As 5:00h da madrugada apareceu o Leandro em sua moto, pouco depois o Elcio e a seguir o Paulo Marinho. O Hilton esperava no portão comendo seu desjejum e partimos para a serra. O Jurandir deveria ter pernoitado no sítio da Bolinha e o Moisés chegaria lá de modo independente. O carnaval de 2012 prometia um calor infernal, mas o Paulo Marinho insistiu em fazer a travessia Ciririca-Graciosa alcançando o Ciririca por cima, via Tucum. Não estamos na estação apropriada para percorrer os campos do Ibitiraquire com cargueiras e desde o início das conversas julguei se tratar de loucura, mas ao amanhecer de sábado estávamos desembarcando no sítio da Bolinha.
    
Avançamos montanha acima com as cargueiras pesando em média 15 quilos em uma manhã abafada, mas suavizada pelo hálito fresco do Ribeirão Samambaia enquanto o Elcio, infinitamente mais leve, disparava na frente para encontrar o Jurandir e o Moisés que deveriam nos esperar no Camapuã. Tudo corria bem até vencer a floresta e despontar na interminável rampa. Para o Leandro era só novidade e pela primeira vez pode avaliar a distância que nos separava do Ciririca e do primeiro pernoite.
   
Passo a passo, sob o sol da manhã, o Camapuã foi vencido e a vista alucinante se mostrou por inteiro. Enquanto o Paulo se entregava ao registro fotográfico, o Hilton e o Leandro seguiam para o Tucum onde duas siluetas acenavam do cume. Ficamos entretidos por ali uns bons 10 minutos e gastamos outro tanto procurando, sem sucesso, a proteção da objetiva que sumiu perdida nos campos.
   
Apesar da aparência intimidadora, a descida até o selado e a subida do Tucum é tranquila e muito rapidamente estávamos todos reunidos novamente. O Elcio encontrou o Moisés no Camapuã e seguiram até o Tucum onde nos aguardaram. Do Jurandir não tinham notícias, mas o Leandro recebeu, por celular, a informação de que sua mãe havia dado entrada num hospital e resolveu abortar a caminhada. Com a falta do Jurandir e a desistência do Leandro foi o Elcio que entrou em parafuso, pois contava com os dois para subir o Cerro Verde e abrir um atalho pela macega até o Taquaripoca. Tentou de todas as formas convencer o Moisés a ajudá-lo na empreitada, mas este prontamente respondeu que desta vez não veio a trabalho e fim de conversa.
   
O Elcio ameaçava desistir, mas por fim o convencemos a nos acompanhar. À distância víamos algumas siluetas acenando e gritando do Camapuã, mas era impossível identificá-las e seguimos em frente descendo lentamente o precipício sudeste sob temperatura em forte elevação. Ao romper da mata no fundo de vale já estávamos suando as bicas sob o ataque de milhares de mutucas, sem a menor brisa numa temperatura sufocante.

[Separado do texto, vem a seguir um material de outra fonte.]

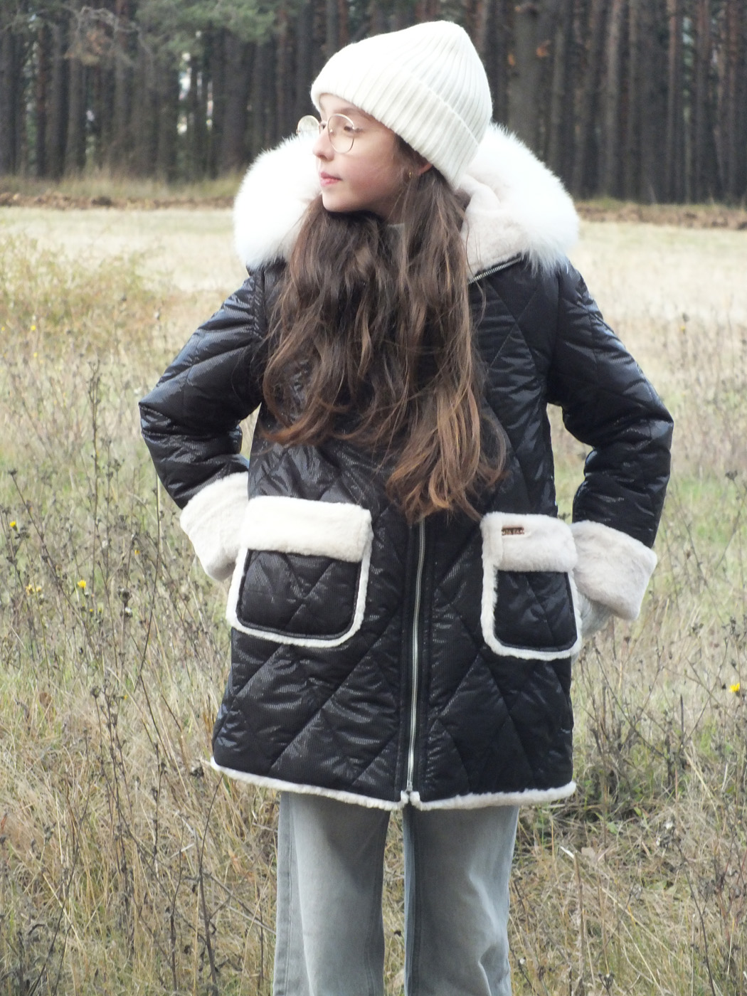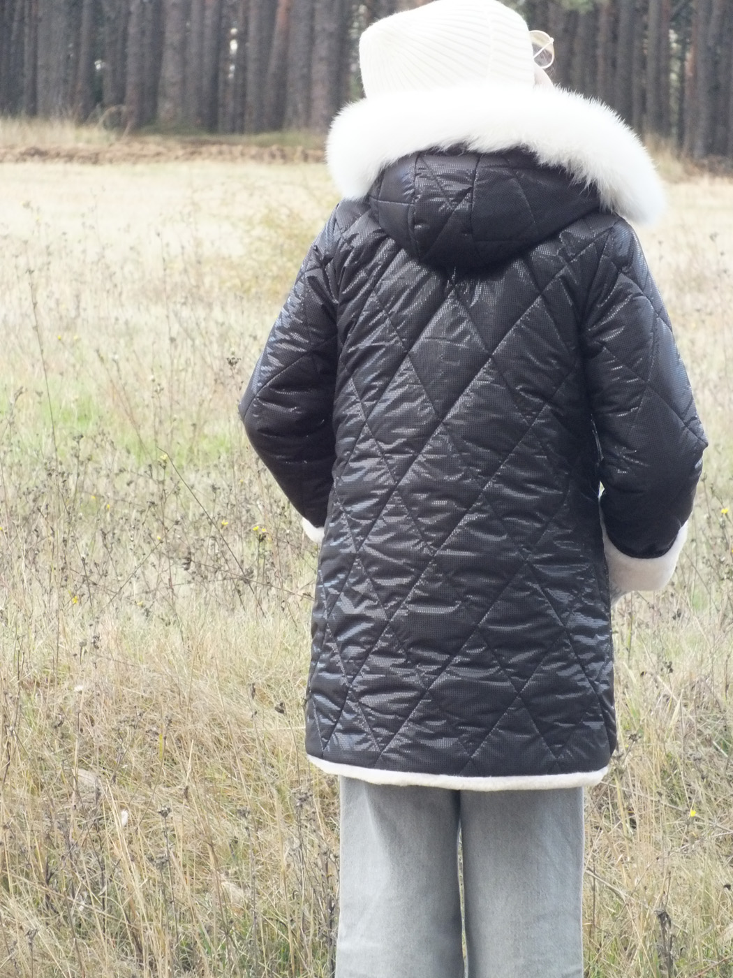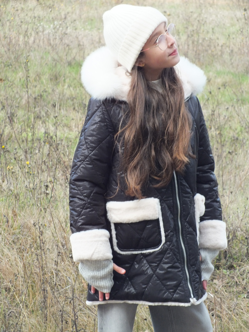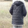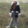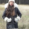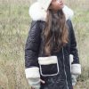 Abrigo acolchado negro con bolsillos.  Peluche crudo en el interior. Abrocha con cremallera. La capucha tiene pelo natural y se desmontan para poder meter en la lavadora.

Nas encostas do Taquaripoca ouvimos os chamados do Jurandir que avançava rapidamente em nossa direção. Havia pernoitado em um hotel em Curitiba e pegou carona com a Rossana Weiss e amigos que seguiam para um ataque ao Cerro Verde. O Jurandir é bom companheiro, jamais vai te deixar de mãos abanando e quem ficou feliz foi o Elcio que renovou as esperanças de rasgar a macega na crista do Cotoxós para dormir no Arapongas. Subimos penosamente sob o sol e o Jurandir, o Elcio e o Paulo ainda tiveram ânimo de visitar os Ovos de Dinossauros enquanto os demais faziam uma parada no cume do Luar para reidratar e aproveitar a suave brisa que varria as mutucas para longe.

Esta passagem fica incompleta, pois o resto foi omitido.